### [Data below]

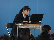1年総合学科の生徒は「産業社会と人間」の授業で、将来の自分について探求してきました。その集大成として、3クラスの代表15名が1年生全体の前で発表しました。
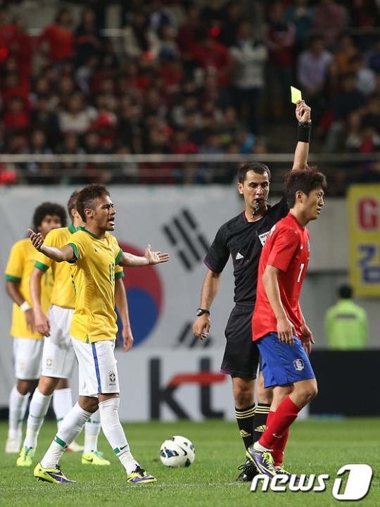 네이마르는 12일 서울월드컵경기장에서 열린 한국과의 친선경기를 2대 0 승리로 마친 뒤 “한국 선수들이 나에게 집중적으로 태클을 걸었다. 특히 등번호 7번과 16번 선수가 거칠었다”고 말했다. 등번호 7번인 이청용(25·볼튼 원더러스)과 16번인 기성용(24·선덜랜드)을 겨냥한 발언이었다. 그는 “이런 상황을 자주 겪지만 부상 때문에 조심스러울 수밖에 없었다”고 덧붙였다.
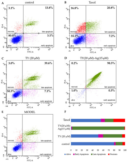 The effect of TY and TY-Ag complex on apoptosis and necrosis of T24 cells. The images show flow cytometry analysis of Annexin-V and PI staining presented in a dot-plot graph; (A): negative control; (B): positive control with taxol (50 nM); (C): T24 cells were incubated with TY (20 µM concentrations), (D): TY-Ag (TY 20 µM and Ag+ 15 µM concentrations); (E): graphic representation of four cell states: alive - the lower-left square; cells undergoing necrosis—the upper left square; cells in early apoptosis - the right lower square; and cells in late apoptosis the upper right square; (F): Cumulative bar charts show the inter-relation between the state of T24 cells after 48 h exposure to TY (20 µM), TY(20 µM)-Ag(15 µM), and taxol.
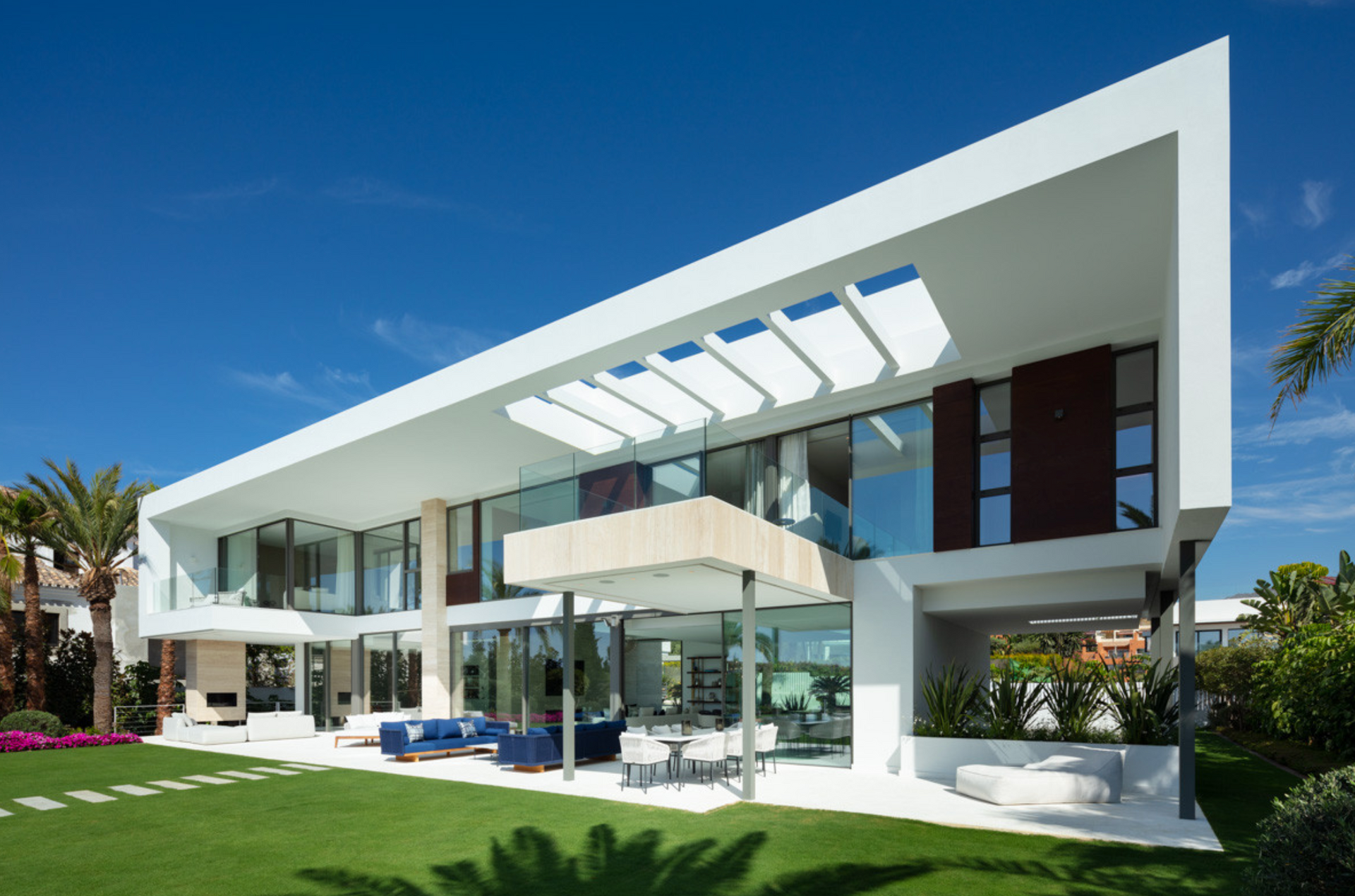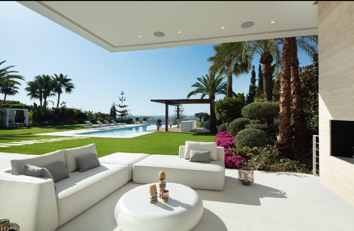 Experience the epitome of luxury with this stunning modern villa in Cerquilla, Nueva Andalucía, available for unforgettable holiday rentals. As the most modern property in the area, it perfectly combines sophistication and comfort. Nestled in Marbella's prestigious neighborhood, this villa is surrounded by renowned golf courses, lush landscapes, and breathtaking views. From the Mediterranean Sea stretching out front to the vibrant greenery on either side, the scenery is nothing short of spectacular.

### [What the exercise asks]
Every line from the start of the material through the line holding "네이마르는 12일 서울월드컵경기장에서" must be returned exactly, and the pictures must not.

### [Answer section]
1年総合学科の生徒は「産業社会と人間」の授業で、将来の自分について探求してきました。その集大成として、3クラスの代表15名が1年生全体の前で発表しました。
 네이마르는 12일 서울월드컵경기장에서 열린 한국과의 친선경기를 2대 0 승리로 마친 뒤 “한국 선수들이 나에게 집중적으로 태클을 걸었다. 특히 등번호 7번과 16번 선수가 거칠었다”고 말했다. 등번호 7번인 이청용(25·볼튼 원더러스)과 16번인 기성용(24·선덜랜드)을 겨냥한 발언이었다. 그는 “이런 상황을 자주 겪지만 부상 때문에 조심스러울 수밖에 없었다”고 덧붙였다.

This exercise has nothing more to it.